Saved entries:
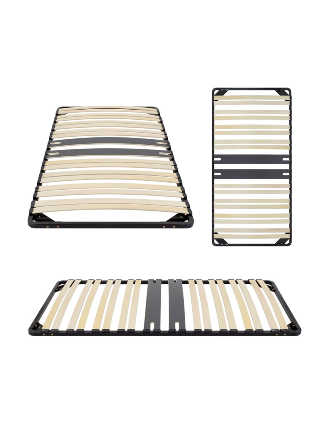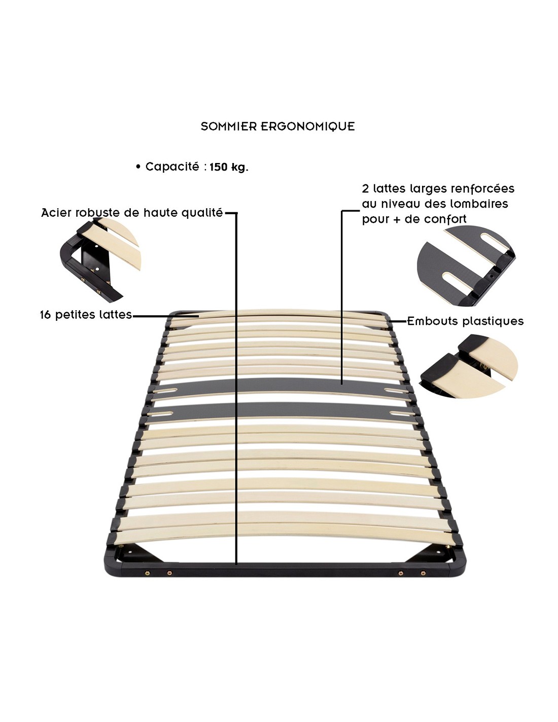 - Sommier ergonomique pour lit à lattes en bois. Renfort central avec 2 lattes assouplies au niveau du dos.
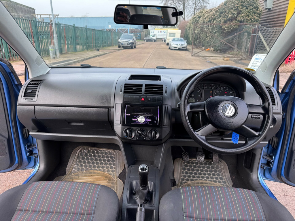 This 2005 Volkswagen Polo 1.2 S Hatchback has covered 99000 miles and is powered by a petrol engine, making it ULEZ compliant. Ideal car for new or first time driver, It features a manual transmission with 3 doors and can seat 5 people. The current MOT is valid until 27/03/2026, ensuring peace of mind the car will come with fresh MOT and new service. With 144 g/km emissions and 55 bhp, it is an efficient and reliable vehicle. This hatchback is equipped with 6Jx14in Sao Paulo alloy wheels, body-coloured bumpers, external mirrors, side protection mouldings, and a full-size steel spare wheel. This practical and stylish car is perfect for everyday use and offers a comfortable driving experience. x14in sao paulo alloy wheels, body coloured bumpers, mirrors external, side protection mouldings, spare wheel (full size steel), adjustable steering column/wheel, air-conditioning - climatic semi-auto, electric windows (front), in car entertainment (radio/cd), speakers, upholstery cloth, air bag driver, air bag passenger, air bag side, anti-lock brakes, central door locking, centre rear seat belt, front fog lights, head restraints, immobiliser, power-assisted steering, seat - isofix anchorage point (two seats - rear), colour pack, power socket
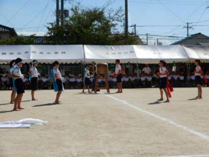 それに合わせて全校児童が手拍子をしたり、ウェーブをしたりして応援を盛り上げていました。
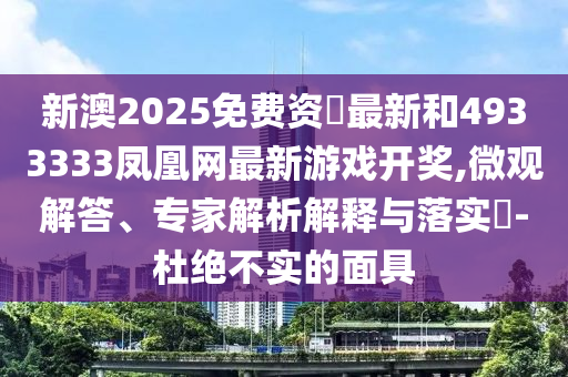 摘要:本文介紹了新澳2025免費資料的最新信息,以及4933333鳳凰網最新游戲開獎的相關內容。文章還提到了微觀解答、專家解析解釋與落實,強調杜絕不實面具的重要性。讀者可以通過本文了解最新的游戲開獎信息和相關解析,以做出更明智的決策。
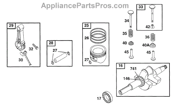Parts for Briggs & Stratton 19C432-0056-01: Piston Group, Crankshaft Parts
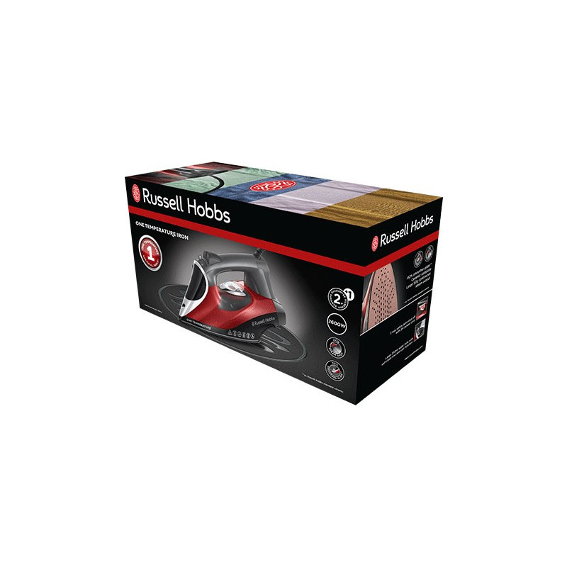 The Russell Hobbs One Temperature Iron has a ceramic soleplate and a powerful steam boost of 210 g/min. It has a 3 m cord, a 0.35 l water tank and 2600 W of power.
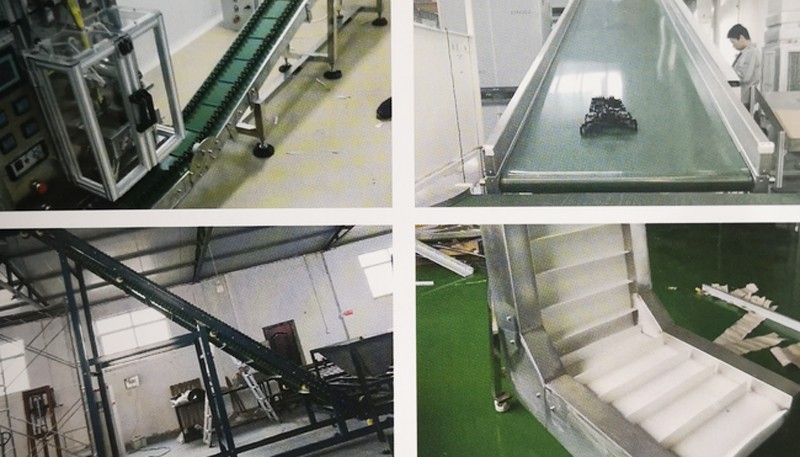 在皮帶表面高頻焊接裙邊擋板以達(dá)到提升輸送目的,最大提升角度45。
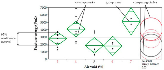 ANOVA and Tukey–Kramer comparison of fracture energy of middle-layer specimens by air void.
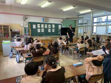 2年1組と4組ではC-NETのMark先生(9月と10月のみ来られています)と英語の学習をしました。元気に英語であいさつをした後、動物の名前の言い方を練習してペアで「キーワードゲーム」を楽しみました。次に果物や野菜の言い方を練習して"What's missing?"というゲームをしました。最後にハロウィンにちなんで"Go away BIG GREEN MONSTER"と言う絵本を読んでもらいました。

## Your instructions
The records above need to be reproduced exactly, with all images omitted.

## Written response
 - Sommier ergonomique pour lit à lattes en bois. Renfort central avec 2 lattes assouplies au niveau du dos.
 This 2005 Volkswagen Polo 1.2 S Hatchback has covered 99000 miles and is powered by a petrol engine, making it ULEZ compliant. Ideal car for new or first time driver, It features a manual transmission with 3 doors and can seat 5 people. The current MOT is valid until 27/03/2026, ensuring peace of mind the car will come with fresh MOT and new service. With 144 g/km emissions and 55 bhp, it is an efficient and reliable vehicle. This hatchback is equipped with 6Jx14in Sao Paulo alloy wheels, body-coloured bumpers, external mirrors, side protection mouldings, and a full-size steel spare wheel. This practical and stylish car is perfect for everyday use and offers a comfortable driving experience. x14in sao paulo alloy wheels, body coloured bumpers, mirrors external, side protection mouldings, spare wheel (full size steel), adjustable steering column/wheel, air-conditioning - climatic semi-auto, electric windows (front), in car entertainment (radio/cd), speakers, upholstery cloth, air bag driver, air bag passenger, air bag side, anti-lock brakes, central door locking, centre rear seat belt, front fog lights, head restraints, immobiliser, power-assisted steering, seat - isofix anchorage point (two seats - rear), colour pack, power socket
 それに合わせて全校児童が手拍子をしたり、ウェーブをしたりして応援を盛り上げていました。
 摘要:本文介紹了新澳2025免費資料的最新信息,以及4933333鳳凰網最新游戲開獎的相關內容。文章還提到了微觀解答、專家解析解釋與落實,強調杜絕不實面具的重要性。讀者可以通過本文了解最新的游戲開獎信息和相關解析,以做出更明智的決策。
Parts for Briggs & Stratton 19C432-0056-01: Piston Group, Crankshaft Parts
 The Russell Hobbs One Temperature Iron has a ceramic soleplate and a powerful steam boost of 210 g/min. It has a 3 m cord, a 0.35 l water tank and 2600 W of power.
 在皮帶表面高頻焊接裙邊擋板以達(dá)到提升輸送目的,最大提升角度45。
 ANOVA and Tukey–Kramer comparison of fracture energy of middle-layer specimens by air void.
 2年1組と4組ではC-NETのMark先生(9月と10月のみ来られています)と英語の学習をしました。元気に英語であいさつをした後、動物の名前の言い方を練習してペアで「キーワードゲーム」を楽しみました。次に果物や野菜の言い方を練習して"What's missing?"というゲームをしました。最後にハロウィンにちなんで"Go away BIG GREEN MONSTER"と言う絵本を読んでもらいました。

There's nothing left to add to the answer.